CowboyRobot writes "'UML too complex? Flowcharts too old school? Mind maps offer a simple way to capture designs and weave them together elegantly.' The quickest way to begin designing a program is to simply write down the steps in normal text, but this method breaks down with more complex projects. UML can be a useful format for larger projects but can be difficult to get right, especially when trying to use it with a less conventional project. The middle ground are 'Mind Maps,' 'a diagrammatic representation of loosely connected ideas. They are a central tool in brainstorming sessions. Mind map tools help capture ideas and then mush them around until you have the structure you want.'"

2 of 97 comments (clear)

  1. Post-It notes and watercooler gossip by Rogerborg · · Score: 5, Insightful

    You can spend a week in a tiger team lock-in session, mind mapping the shizzle out of your next project. Eventually, a desperate delirium sets in, and you'll agree to anything just to get out of there. Thus the design is "finalised".

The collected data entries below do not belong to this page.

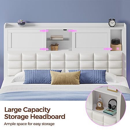 - Large Storage Space: Features a bookcase storage headboard with two sliding doors to hide clutter and a glass panel that creates two open shelves for easy access to essentials like magazines, phones, and alarm clocks.
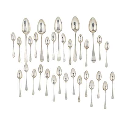 including a pair of tablespoons, Dorothy Langlands, Newcastle, of Old English pattern, engraved initials to terminal; together with another two Newcastle, various marks, and one tablespoon, George Turner, Exeter 1811; together with a collection of twenty-seven teaspoons, various marks and patterns
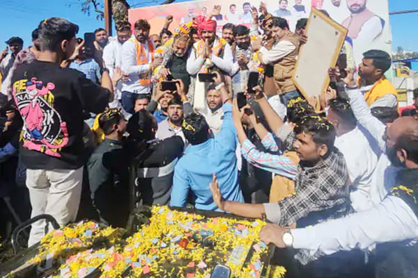 स्वागत के दौरान युवा मोर्चा नेता बिट्टू विवेक मंडराह द्वारा 15 जेसीबी मशीनों से पुष्पवर्षा कराई गई।
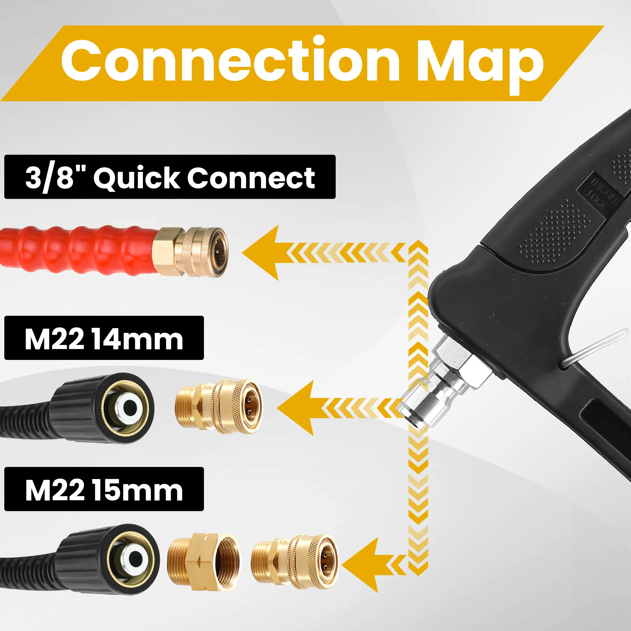 • Works with gas and electric pressure washers up to 4000 PSI. The 3/8" quick plug inlet fitting converts to M22 14mm or 15mm. Fits most pressure washer hoses, ensuring broad compatibility across different models.

    Then by the time you get back to your keyboard, some executive vice president of marketing is accidentally exposed to a copy of Wired, and decides that instead of writing an app to keep recipes on, what you really need is to ride the frontsurge to a collaboratively cloudsourced web 3.0 win-win solution, and the charade starts all over again.

    Experience starts to look a lot like cynicism after a while.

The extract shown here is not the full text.